In the cerebellum, SHH drives the tremendous expansion of progenitors after birth in mouse that is responsible for folding of the cerebellar surface (Fig. 1D and Movie 1). Accordingly, we found that ablation of SHH signaling results in a hypoplastic cerebellum, as SHH is required for expansion of granule cell progenitors, the most numerous cell type in the brain (Corrales, 2004, 2006). On the other hand, SHH signaling is elevated in the SHH subgroup of medulloblastoma for which the cerebellar granule cell progenitors, which proliferate for almost 1 year after birth in man, are the main cell of origin. SHH also regulates expansion of ventricular zone-derived progenitors (NEPs) that give rise to interneurons and astrocytes. Thus, SHH is a key growth regulator of the postnatal cerebellum. One aspect of our research addresses how SHH coordinates proliferation and differentiation of several distinct progenitor populations in the cerebellar cortex. Using our novel mosaic mutant analysis technique (MASTR; Lao, 2012), we uncovered that a primary role of SHH in NEPs is to maintain them in an undifferentiated state (Wojcinski, 2017, 2018; Tan, 2018), similar to our finding for adult stem cells in the subventricular zone of the forebrain (Petrova, 2013). Similar studies are underway for the other progenitor populations.

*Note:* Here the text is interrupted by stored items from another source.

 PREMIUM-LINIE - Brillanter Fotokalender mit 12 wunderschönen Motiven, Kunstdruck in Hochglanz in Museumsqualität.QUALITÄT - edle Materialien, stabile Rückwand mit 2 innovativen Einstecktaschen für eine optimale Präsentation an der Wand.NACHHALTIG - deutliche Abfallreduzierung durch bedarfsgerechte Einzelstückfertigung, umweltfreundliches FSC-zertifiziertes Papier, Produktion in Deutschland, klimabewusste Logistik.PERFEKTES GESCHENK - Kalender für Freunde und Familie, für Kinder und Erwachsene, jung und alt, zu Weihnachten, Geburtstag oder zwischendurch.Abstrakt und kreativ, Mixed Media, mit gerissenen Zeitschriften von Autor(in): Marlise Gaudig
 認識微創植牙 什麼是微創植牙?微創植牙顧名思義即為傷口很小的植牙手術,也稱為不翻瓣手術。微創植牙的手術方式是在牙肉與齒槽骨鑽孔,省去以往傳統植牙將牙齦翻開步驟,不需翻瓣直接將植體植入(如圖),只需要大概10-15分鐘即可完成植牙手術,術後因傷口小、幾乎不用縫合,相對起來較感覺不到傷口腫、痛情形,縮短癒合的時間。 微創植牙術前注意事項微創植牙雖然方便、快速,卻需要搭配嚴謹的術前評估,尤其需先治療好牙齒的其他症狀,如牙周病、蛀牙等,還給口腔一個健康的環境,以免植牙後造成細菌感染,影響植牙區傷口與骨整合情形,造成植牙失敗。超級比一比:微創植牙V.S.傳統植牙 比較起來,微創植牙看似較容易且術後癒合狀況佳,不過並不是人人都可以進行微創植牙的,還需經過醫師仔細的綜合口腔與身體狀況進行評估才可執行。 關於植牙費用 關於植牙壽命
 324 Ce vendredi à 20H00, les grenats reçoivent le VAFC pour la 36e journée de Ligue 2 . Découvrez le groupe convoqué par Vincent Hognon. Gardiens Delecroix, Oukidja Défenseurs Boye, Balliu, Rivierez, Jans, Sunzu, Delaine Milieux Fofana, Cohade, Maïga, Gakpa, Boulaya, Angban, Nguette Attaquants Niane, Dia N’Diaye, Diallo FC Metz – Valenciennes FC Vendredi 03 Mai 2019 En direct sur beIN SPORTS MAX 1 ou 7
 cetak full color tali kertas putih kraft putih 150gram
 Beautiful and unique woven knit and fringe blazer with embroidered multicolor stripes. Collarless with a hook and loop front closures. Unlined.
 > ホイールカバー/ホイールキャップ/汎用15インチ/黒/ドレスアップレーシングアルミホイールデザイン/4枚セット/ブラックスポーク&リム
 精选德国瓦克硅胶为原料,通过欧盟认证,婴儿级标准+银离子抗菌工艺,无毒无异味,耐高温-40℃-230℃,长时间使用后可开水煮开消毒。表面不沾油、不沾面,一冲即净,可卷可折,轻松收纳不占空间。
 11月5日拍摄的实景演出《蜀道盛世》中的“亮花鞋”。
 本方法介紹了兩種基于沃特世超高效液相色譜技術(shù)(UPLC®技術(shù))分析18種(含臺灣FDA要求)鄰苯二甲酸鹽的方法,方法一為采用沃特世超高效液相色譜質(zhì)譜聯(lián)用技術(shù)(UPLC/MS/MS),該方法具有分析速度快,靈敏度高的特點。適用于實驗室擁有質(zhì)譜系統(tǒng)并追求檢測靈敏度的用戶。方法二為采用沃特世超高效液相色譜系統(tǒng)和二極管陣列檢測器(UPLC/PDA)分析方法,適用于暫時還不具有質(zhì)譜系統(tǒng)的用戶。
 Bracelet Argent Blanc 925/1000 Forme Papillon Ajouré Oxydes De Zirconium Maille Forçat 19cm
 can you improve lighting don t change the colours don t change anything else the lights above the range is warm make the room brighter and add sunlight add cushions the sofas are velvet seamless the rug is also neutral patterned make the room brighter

Timing of and type of initiating mutation stratify SHH-medulloblastomas

Medulloblastoma (MB) is the most common malignant brain tumor in children. Although the majority of children with MB survive to adulthood, the quality of life of survivors is greatly compromised due to the toxicity of combined surgery, radiation, and chemotherapy. MB is a heterogeneous disease that was divided into 4 subgroups based on their molecular signatures. As the current SHH inhibitors in the clinic are only effective in a minority of SHH-MB patients and all patients develop resistance, new drug targets are needed to improve survival and minimize the significant side effects of current therapies. A recent study further subdivided SHH-MB into 3 subtypes based on age of presentation, as particular genetic lesions are specific to infants (SUFU), children (TP53 associated with amplification of GLI2/MYCN) and adults (SMO)(Kool, 2012; and see Fig. 3). However, patients of all ages have mutations in the Gorlin syndrome gene PTCH1. The most recent classification of MB divides SHH-MB into 4 subtypes, with TP53 mutations defining a group with poor prognosis (Cavalli, 2014). We have developed mouse models of SHH-MB (Suero-Abreu, 2015; Tan, 2018), including using MASTR to initiate mutations in SMO or PTCH1, with or without mutations in Trp53, and identified differences in the biology of the tumors. Microarray analysis of genes expressed in GFP-labeled mutant granule cell precursors that progress to form tumors, compared to those that regress or wild type cells have identified candidate genes that underlie tumor progression. We have teamed up with leading experts in the genetics and pathology of human MBs, to determine the extent to which human tumors with the same mutations have similar tumor characteristics (Vladoiu, 2019). In addition, we are using functional assays in granule cell precursors with MB activating mutations to determine which of the genes identified are required for tumor formation and/or progression, with the goal of identifying candidates for novel therapies specific to SHH-MB subtype-specific patients. We are also using similar approaches to determine the role of immune cells in the microenvironment of mouse and human SHH-MBs on tumor progression (Rallapalli, 2020; Tan, 2021). Our studies should uncover which mice best model particular subtypes of human SHH-MBs for preclinical testing, and contribute to stratification of patients for targeted therapy.